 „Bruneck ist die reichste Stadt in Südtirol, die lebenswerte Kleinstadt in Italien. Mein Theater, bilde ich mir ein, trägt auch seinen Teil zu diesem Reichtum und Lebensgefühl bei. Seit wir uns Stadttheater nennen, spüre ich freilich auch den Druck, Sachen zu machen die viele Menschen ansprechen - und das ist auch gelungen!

--

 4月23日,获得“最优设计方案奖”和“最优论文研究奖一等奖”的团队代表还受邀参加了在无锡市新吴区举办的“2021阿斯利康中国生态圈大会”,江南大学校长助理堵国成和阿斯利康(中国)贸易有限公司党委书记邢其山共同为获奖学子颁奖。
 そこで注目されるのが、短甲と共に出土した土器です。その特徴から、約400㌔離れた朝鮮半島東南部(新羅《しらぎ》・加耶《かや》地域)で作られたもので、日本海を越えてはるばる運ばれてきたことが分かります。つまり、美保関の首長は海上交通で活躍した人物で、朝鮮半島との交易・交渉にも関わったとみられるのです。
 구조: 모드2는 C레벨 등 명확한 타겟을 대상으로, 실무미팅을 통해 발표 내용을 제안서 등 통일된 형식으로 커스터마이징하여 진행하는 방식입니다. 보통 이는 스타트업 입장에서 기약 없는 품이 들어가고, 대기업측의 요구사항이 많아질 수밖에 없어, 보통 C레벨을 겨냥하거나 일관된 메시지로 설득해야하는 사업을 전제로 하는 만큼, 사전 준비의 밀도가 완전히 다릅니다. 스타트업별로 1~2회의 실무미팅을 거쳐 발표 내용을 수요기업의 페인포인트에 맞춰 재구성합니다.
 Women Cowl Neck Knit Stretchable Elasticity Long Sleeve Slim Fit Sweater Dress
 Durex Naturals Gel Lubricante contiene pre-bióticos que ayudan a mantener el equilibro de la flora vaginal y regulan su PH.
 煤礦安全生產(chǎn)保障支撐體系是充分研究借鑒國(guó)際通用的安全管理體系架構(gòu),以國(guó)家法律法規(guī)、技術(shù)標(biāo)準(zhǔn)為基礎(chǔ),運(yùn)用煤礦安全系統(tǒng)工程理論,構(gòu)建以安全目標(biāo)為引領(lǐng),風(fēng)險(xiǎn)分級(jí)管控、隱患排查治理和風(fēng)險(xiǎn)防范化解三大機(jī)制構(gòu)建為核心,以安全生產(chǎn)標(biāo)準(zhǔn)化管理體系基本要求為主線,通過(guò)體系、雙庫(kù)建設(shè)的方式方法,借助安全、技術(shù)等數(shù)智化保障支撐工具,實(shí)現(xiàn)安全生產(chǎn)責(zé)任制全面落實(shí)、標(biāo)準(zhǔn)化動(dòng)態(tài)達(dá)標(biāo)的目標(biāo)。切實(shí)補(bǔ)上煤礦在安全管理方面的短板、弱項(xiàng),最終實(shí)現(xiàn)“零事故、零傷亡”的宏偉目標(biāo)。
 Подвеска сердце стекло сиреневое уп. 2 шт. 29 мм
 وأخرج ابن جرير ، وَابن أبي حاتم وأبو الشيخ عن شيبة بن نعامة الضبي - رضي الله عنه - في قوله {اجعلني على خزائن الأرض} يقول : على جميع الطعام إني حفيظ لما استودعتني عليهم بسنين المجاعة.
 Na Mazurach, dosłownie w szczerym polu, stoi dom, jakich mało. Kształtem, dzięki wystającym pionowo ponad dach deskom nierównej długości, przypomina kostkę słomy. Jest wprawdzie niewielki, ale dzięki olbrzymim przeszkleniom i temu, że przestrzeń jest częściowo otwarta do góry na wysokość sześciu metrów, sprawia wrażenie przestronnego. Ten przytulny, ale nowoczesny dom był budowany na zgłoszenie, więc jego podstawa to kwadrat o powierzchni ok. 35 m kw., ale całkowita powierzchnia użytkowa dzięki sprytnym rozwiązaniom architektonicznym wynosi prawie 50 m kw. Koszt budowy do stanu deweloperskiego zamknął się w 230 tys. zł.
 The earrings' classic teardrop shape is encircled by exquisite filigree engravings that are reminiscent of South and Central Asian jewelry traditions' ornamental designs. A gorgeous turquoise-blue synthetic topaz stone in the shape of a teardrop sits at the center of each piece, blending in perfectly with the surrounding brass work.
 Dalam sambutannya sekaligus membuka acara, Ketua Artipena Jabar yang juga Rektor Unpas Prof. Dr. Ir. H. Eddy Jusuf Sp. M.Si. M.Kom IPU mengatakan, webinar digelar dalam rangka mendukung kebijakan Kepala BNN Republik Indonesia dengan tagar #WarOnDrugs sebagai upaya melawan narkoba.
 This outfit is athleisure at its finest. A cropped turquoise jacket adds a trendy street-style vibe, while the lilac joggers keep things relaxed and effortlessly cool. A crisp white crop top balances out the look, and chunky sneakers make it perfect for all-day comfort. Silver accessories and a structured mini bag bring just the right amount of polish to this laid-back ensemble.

■ TASK REQUIREMENTS
Out of the entries above, write out only the lines between the line holding "구조: 모드2는 C레벨" and the line holding "Durex Naturals Gel", inclusive, each exactly as given.

■ SOLUTION TO THE PROBLEM
 구조: 모드2는 C레벨 등 명확한 타겟을 대상으로, 실무미팅을 통해 발표 내용을 제안서 등 통일된 형식으로 커스터마이징하여 진행하는 방식입니다. 보통 이는 스타트업 입장에서 기약 없는 품이 들어가고, 대기업측의 요구사항이 많아질 수밖에 없어, 보통 C레벨을 겨냥하거나 일관된 메시지로 설득해야하는 사업을 전제로 하는 만큼, 사전 준비의 밀도가 완전히 다릅니다. 스타트업별로 1~2회의 실무미팅을 거쳐 발표 내용을 수요기업의 페인포인트에 맞춰 재구성합니다.
 Women Cowl Neck Knit Stretchable Elasticity Long Sleeve Slim Fit Sweater Dress
 Durex Naturals Gel Lubricante contiene pre-bióticos que ayudan a mantener el equilibro de la flora vaginal y regulan su PH.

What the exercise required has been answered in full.